→ WORK TO COMPLETE:
Somewhere below are a line with "Instant Download - Digital" and a later line with "Sale 50%Pihu Crayola Peach Floral Kurta Set". Output exactly those lines and all lines between them.

→ DATA SUPPLIED:

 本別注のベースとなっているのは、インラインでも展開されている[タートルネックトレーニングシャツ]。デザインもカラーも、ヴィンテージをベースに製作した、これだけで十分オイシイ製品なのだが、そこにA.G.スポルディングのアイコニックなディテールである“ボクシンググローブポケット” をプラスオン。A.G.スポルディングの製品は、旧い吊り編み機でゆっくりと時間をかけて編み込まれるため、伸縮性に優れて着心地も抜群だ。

---

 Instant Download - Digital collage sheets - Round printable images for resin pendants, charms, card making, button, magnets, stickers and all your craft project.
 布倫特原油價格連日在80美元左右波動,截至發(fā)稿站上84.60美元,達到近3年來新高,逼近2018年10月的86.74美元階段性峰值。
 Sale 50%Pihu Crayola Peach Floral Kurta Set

==

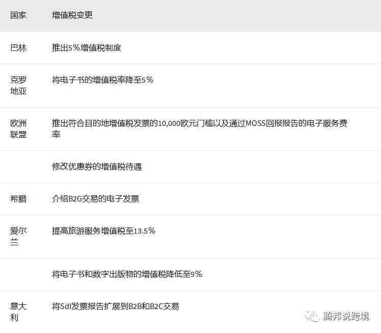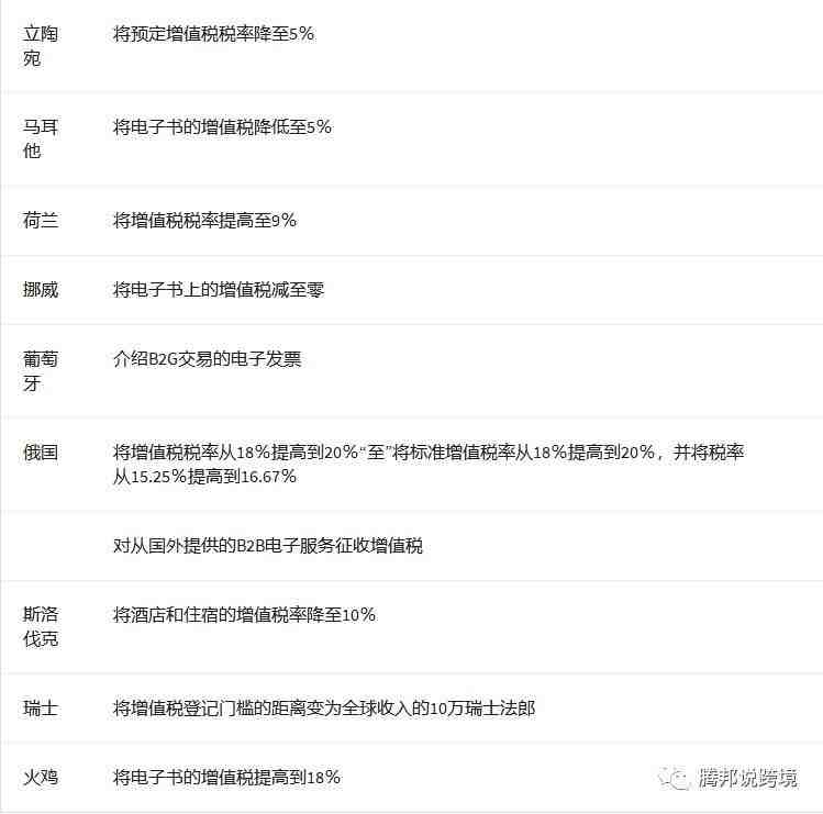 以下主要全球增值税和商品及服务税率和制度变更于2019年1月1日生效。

→ SOLVED EXERCISE:
 Instant Download - Digital collage sheets - Round printable images for resin pendants, charms, card making, button, magnets, stickers and all your craft project.
 布倫特原油價格連日在80美元左右波動,截至發(fā)稿站上84.60美元,達到近3年來新高,逼近2018年10月的86.74美元階段性峰值。
 Sale 50%Pihu Crayola Peach Floral Kurta Set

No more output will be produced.